# Crazy Megaminx By MF8??? O.o



## TK 421 (Sep 4, 2010)

Hey... Look at this, it's a MF8 4x4x4. But look closer at the background can you see something wierd?


----------



## Jani (Sep 4, 2010)

Pencarian yang bagus!

Can't wait.


----------



## TheMachanga (Sep 4, 2010)

0_0 that's gonna be hard.


----------



## TK 421 (Sep 4, 2010)

i'm estimating a world record of 1 hour for this puzzle


----------



## Owen (Sep 4, 2010)

http://twistypuzzles.com/forum/viewtopic.php?f=15&t=16448&p=202212#p202212


----------



## whitelynx_nivla (Sep 4, 2010)

It's been around since 2008...
But I dont think Mr Bao has mass produced it.


----------



## TK 421 (Sep 4, 2010)

whitelynx_nivla said:


> It's been around since 2008...
> But I dont think Mr Bao has mass produced it.



hmmm, rly? it should be mass produced by now...


----------



## qqwref (Sep 4, 2010)

If it's the same style as the original Circle 3x3, it's not even that hard to solve... the gelatinbrain record is 3:28 (by me). Of course, given what they've done with the 3x3, who knows? Maybe one or more sides turn the center, and others don't


----------



## TK 421 (Sep 4, 2010)

qqwref said:


> If it's the same style as the original Circle 3x3, it's not even that hard to solve... the gelatinbrain record is 3:28 (by me). Of course, given what they've done with the 3x3, who knows? *Maybe one or more sides turn the center, and others don't*



hmmm, maybe just maybe. stickers wont last in the corner bit


----------



## TK 421 (Sep 4, 2010)

whitelynx_nivla said:


> *It's been around since 2008...*
> But I dont think Mr Bao has mass produced it.

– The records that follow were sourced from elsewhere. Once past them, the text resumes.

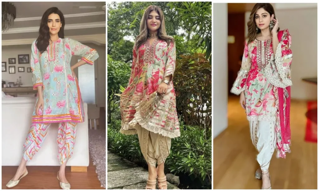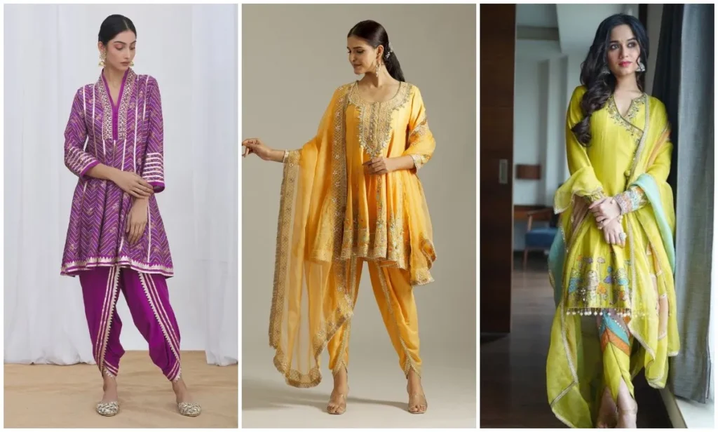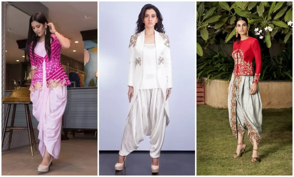 शानदार सूट सेट जिसमें धोती, सलवार और स्टाइलिश कुर्ते के साथ साथ मैचिंग जैकेट भी शामिल होती है. इस तरह के सूट पहनकर कोई भी लड़की आसानी से अपनी एलीगेंट पर्सनैलिटी को फ्लॉन्ट कर सकती है. ये डिज़ाइन खास तौर पर त्योहारों के लिए बेस्ट है.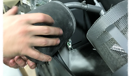 Ceramic bead blasting media, while costing a lot per pound, is actually very inexpensive to run because of its extreme longevity. Unless that is, you lose it to the dust collector, where it becomes contaminated with dust and debris. We solved this problem with a static-dissipative cyclone – and now only the fine dust makes its way to the dust collector. Good ceramic bead is captured in the cup attached to the bottom of the cyclone. Once or twice a day the operator simply unclamps the lightweight cup – where the good media accumulates – and pours it back into the blast system (as shown). With the dust extracted, he is reusing only good shot.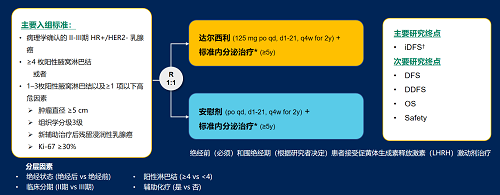 达尔西利(Dalpiciclib)是j9国际站自主研发的口服、选择性的小分子CDK4/6抑制剂,也是中国首个自主研发的新型高选择性 CDK4/6 抑制剂,已证实其与内分泌治疗(ET)联合用于 HR+/HER2- 晚期乳腺癌的一线和后线治疗时,均显著改善无进展生存期(PFS)6,7。因此开展了一项随机、双盲、III期临床试验(DAWNA-A),以进一步评估达尔西利联合内分泌治疗作为高危早期 HR+/HER2 - 乳腺癌辅助治疗的效果。本研究纳入高危复发风险人群需满足以下标准之一:①≥4 枚阳性腋窝淋巴结;②1–3枚阳性腋窝淋巴结且合并≥1 项高危因素(肿瘤直径 ≥5 cm,组织学分级3级,辅助治疗后残留浸润性乳腺癌,Ki-67 ≥30%)。本文呈现预先设定的首次中期分析(IA1)结果。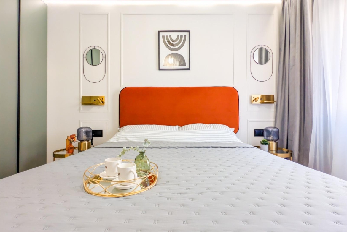 Apartament składa się z dwóch sypialni, eleganckiej łazienki oraz jasnego salonu z wyjściem na taras.

but wait, then how did the DaYan 4x4 is included on picture? it's been released JUST NOW


----------



## hawkmp4 (Sep 4, 2010)

TK 421 said:


> whitelynx_nivla said:
> 
> 
> > *It's been around since 2008...*
> ...




The puzzle has existed that long, is what he's saying. Not this particular picture of it.


----------



## clarubik (Sep 4, 2010)

That's awesome


----------



## Whyusosrs? (Sep 4, 2010)

TK 421 said:


> whitelynx_nivla said:
> 
> 
> > *It's been around since 2008...*
> ...



People can't take pictures of old products?


----------



## whitelynx_nivla (Sep 5, 2010)

qqwref said:


> If it's the same style as the original Circle 3x3, it's not even that hard to solve... the gelatinbrain record is 3:28 (by me). Of course, given what they've done with the 3x3, who knows? Maybe one or more sides turn the center, and others don't


yes, i think that's right
that's where the "plus" name come in place
just like the crazy 3x3x3 "plus" not every circle can move the same way.



TK 421 said:


> whitelynx_nivla said:
> 
> 
> > *It's been around since 2008...*
> ...


??
i do can include alpha 1 inside of the haiyan cube pictures, but not the way around.


----------



## JeffDelucia (Sep 5, 2010)

Honestly all these "crazy" cubes are getting ridiculous. When they made the first one I thought "oh thats cool" but now theres so many different variants I just don't see the point.


----------



## Senkoy (Sep 5, 2010)

That thing looks insane. I'm too lazy to even solve my regular megaminx cause it takes so long (i have bad eyes and it takes me AGES to find the pieces) so solving a crazy version would border on tedium instead of fun.


----------



## TK 421 (Sep 5, 2010)

Senkoy said:


> That thing looks insane. I'm too lazy to even solve my regular megaminx cause it takes so long (i have bad eyes and it takes me AGES to find the pieces) so solving a crazy version would border on tedium instead of fun.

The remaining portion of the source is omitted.